US-based CubeSat developer, Akash Systems, has started 2018 with a bang, raising a massive $3.1 million in seed funds to accelerate delivery of its shoebox-sized satellites, based on GaN-on-Diamond RF power amplifiers.

The funds come at a time when worldwide data demand is fast outstripping the bandwidth provided by today's satellite communications infrastructure. Meanwhile, technology advances have pushed satellite services beyond Internet, television and GPS navigation, unleashing imagery-rich and data-heavy applications from aeroplane tracking to pollution monitoring.

Crucially,CubeSats and other miniature satellites are already slashing the cost of commercial satellite. And GaN-on-Diamond is set to take these plummeting prices even lower.

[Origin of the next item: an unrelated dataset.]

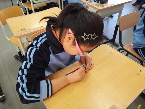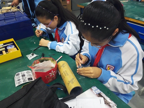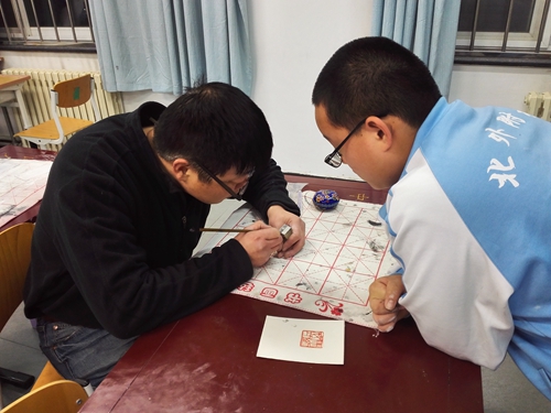 我校自2015年6月被批准为海淀区非物质文化遗产传承项目实验校以来,初中校区校本选修课先后引入两门非遗课程——齐派篆刻和葫芦雕刻。在教委和海淀非遗办的大力支持下,齐派篆刻已经在我校开设两年,齐白石先生的传承弟子郑忠强老师每周来我校学生授课,同学们学习篆刻的热情日益高涨,郑老师每周面对面、手把手地教授篆刻传统技艺,已经培养了三届初中学生,让同学们不仅学习了传统手工艺,技艺之美也激发了学生对篆刻艺术的热爱。

"Historically, satellite makers have required a very big satellite to provide kilowatts of power but now we can squeeze that tremendous amount of power into a CubeSat," says Akash Systems co-founder and chief executive Felix Ejeckam. "This means we can deliver new features and capabilities in a small satellite, which is a key reason satellite suppliers are switching over."

However, today's small satellites use GaN-on-SiC power amplifiers, which means power and speed come at a cost; heat. While such GaN-based HEMTs can ideally reach 40 W/mm RF power at 10+ GHz frequencies, thermal heating restricts power densities to some 10 W/mm. But GaN-on-Diamond can make a difference.

According to Ejeckam, diamond, with its high thermal conductivity, removes the heat in an amplifier up to four times faster than any other substrate on the market today. And as the chief executive points out, today's satellite suppliers do not want to expend resources cooling power amplifiers.

"Today's satellite suppliers would like amplifiers that can operate at higher ambient temperatures without the need for cooling," he says. "[Using GaN-on-Diamond], the logistics, heaviness and size of equipment that comes from having to cool an amplifier down simply goes away."

What's more, Ejeckam is adamant that the GaN-on-Diamond power amplifiers that his company is already supplying to market do not cost more than the GaN-on-SiC equivalent. "[GaN-on Diamond] devices are actually cheaper," he asserts. "We are happy to go with the prevailing dollars per watt, that a customer wants. And our amplifier is also smaller and has these additional benefits."

Indeed, in the months that Akash has been supplying its power amplifiers, demand has, as Ejeckam puts it, been 'overwhelming'.

"We cannot meet demand and literally cannot make enough power amplifiers," he says. "Everyone wants what we can make and more."


CubeSats from Akash Systems are scheduled to reach the market in 2019.

To get the full benefits of GaN-on-Diamond, satellite suppliers are designing the power amplifiers into systems, rather than simply swapping these components with existing devices. And right now, demand is coming from suppliers of small, commercial Low Earth Orbit satellites as well as the manufacturers of larger geostationary satellites, keen to remain competitive.

"The GEO suppliers are feeling threatened by the LEO [companies] and want to make these satellites smaller, cheaper, more powerful and as effective as possible," points out Ejeckam. "Their existing business is not expected to decline, but [performance] requirements are getting tougher and tougher every year, so these suppliers are looking for new technologies."

But Akash Systems' key challenge is to ramp up amplifier production to meet the burgeoning demand, while developing CubeSat systems that are scheduled to reach market next year. To this end, the company is working closely with foundries, and devices are being fabricated on 100 mm GaN-on-Diamond wafers. As Ejeckam says: "We are still happy with 100 mm wafers."

But burgeoning demand or not, it's no secret that the marketplace for small satellites is crowded with more and more so-called space-start-ups getting ready to launch new systems. Figures from Nanosatellite - the world's largest database of small satellites - reveal that in 2016, launches came in at 88, rocketed to 295 in 2017 and are expected to reach 703 come 2023.

So how does Akash Systems intend to compete in this rapidly growing space? Ejeckam is blunt. "We have this underlying, fundamental technology that nobody has," he says. "This distinguishes us greatly from everyone else."